Of note, blastocyst production was performed in suboptimal conditions. Indeed, selection of OCC only excluded denuded OCCs and those with either general expansion of the cumulus cells or discolored cytoplasm. This suboptimal selection of OCC explained the relatively low blastocyst rate of the control. The present study highlighted the beneficial effect of DHA and TUG-891 on the blastocyst rate when dealing with low quality oocyte. It is thus possible that, when dealing with high quality oocyte, the effect of DHA or TUG-891 would have been moderate or even absent.

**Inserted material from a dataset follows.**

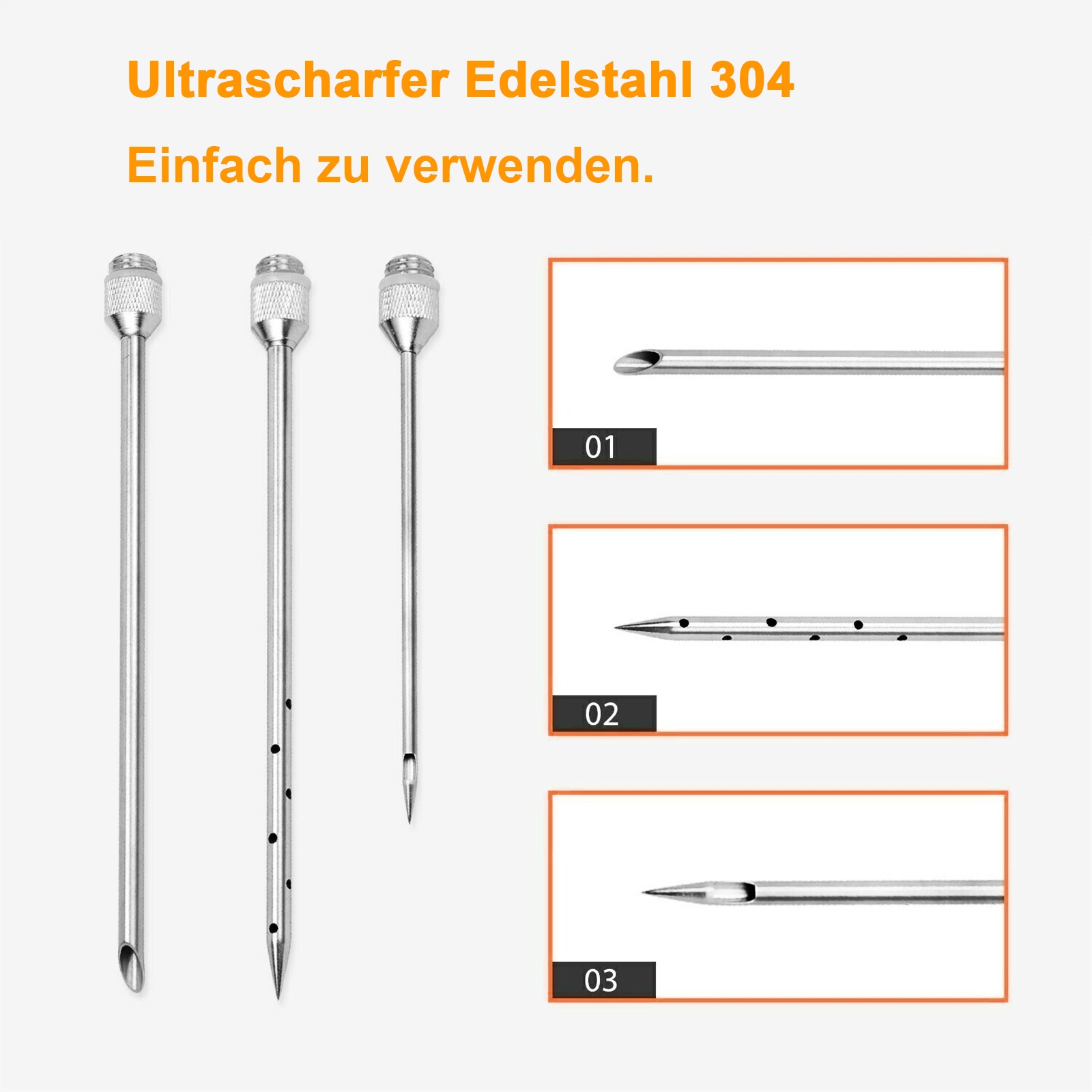 【3 типа игл и мариновая щетка】 две иглы 14-14,5 см и одна игла 11 см для различных применений. Игла с 12 отверстиями обеспечивает ровную инъекцию жидкого маринада. Вторая 14-сантиметровая игла с большим отверстием на конце подходит для более толстого маринада (например, более толстый перец, растворенная паста барбекю, более мелкие кусочки, такие как травы). Также доступно 11-сантиметр, которая может быть использована для введения жидкого маринада в тонкие ломтики, такие как стейки и шашлыки

Several days of TUG-891 treatment in 3T3L1 cultures has also been reported to modify PPARγ and α transcription [47]. Under our conditions, we analyzed gene expression of several genes in CC after 4 h of DHA (or up to 24 h [15]), so this treatment duration might be too brief to enable transcriptional modifications following FFAR4 stimulation.

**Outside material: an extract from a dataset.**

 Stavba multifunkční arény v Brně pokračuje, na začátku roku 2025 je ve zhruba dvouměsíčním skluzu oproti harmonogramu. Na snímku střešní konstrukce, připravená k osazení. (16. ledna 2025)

Stimulation of FFAR4 leads to cell specific effects. Indeed, in human intestinal epithelial Caco-2 cells, FFAR4 was internalized, bound to β-arrestin-2, and attenuated NF-κB activation in response to 30-min exposure to the agonists GW9508, TUG-891, or to docosahexaenoic acid. However, treatment of mouse STC-1 intestinal epithelial cells with these agonists did not induce receptor internalization and had no effects on NF-κB activation [48].

In order to gain insight into the DHA mechanism in oocyte and CC, signaling pathways known to be affected by DHA should be investigated. In particular, the NFκB, JNK, PI3K, MAP kinase pathways may be involved. It is known that TUG-891100 μM leads to an increase in MAPK1/3 phosphorylation in 3 T3-L1 adipocytes [47]. Under our conditions, modification of MAPK1/3 phosphorylation was neither detected in oocytes nor in CC with low DHA or TUG concentrations at several time points of IVM, even though phospho-MAPK3/1 have increased in oocytes during IVM, similarly to previous studies [51]. This might be due to the lower TUG-891 concentration we used, thus leading to weaker FFAR4 stimulation. Therefore, further experiments are required to demonstrate that DHA is able to bind FFAR4 in bovine cells and to activate its signaling pathways (e.g. intracellular calcium assay). However, low FFAR4 expression level in the oocyte-cumulus complex makes it difficult to study changes in signaling due to DHA treatment or FFAR4 stimulation. For future studies, it is thus crucial to inactivate the receptor. However, in our model, consisting of oocyte and highly specialized cumulus cells, it would be rather difficult to inactivate this receptor in vitro. Signaling pathway studies, as in the literature, should be performed in models that could enable overexpression (plasmid transfection) and receptor inactivation in similar cell types like granulosa cells.

Conclusion

DHA added at low physiological concentration (1 μM) during IVM is able to improve oocyte quality in vitro. FFAR4 activation is able to reproduce DHA effects on oocyte quality. DHA therefore might activate this receptor in CC and trigger signaling pathways leading to remote changes, thereby improving oocyte quality. Nevertheless, further experiments are needed to demonstrate FFAR4 activation by DHA. Intracellular lipid composition and transcriptional modulations might not be critical under our conditions to mediate the early effects of DHA. Future studies should focus on a more extensive characterization of the numerous signaling pathways to decipher their precise role and importance regarding the mechanism of action of DHA, and should analyze the effects of higher concentrations and/or longer DHA treatment periods.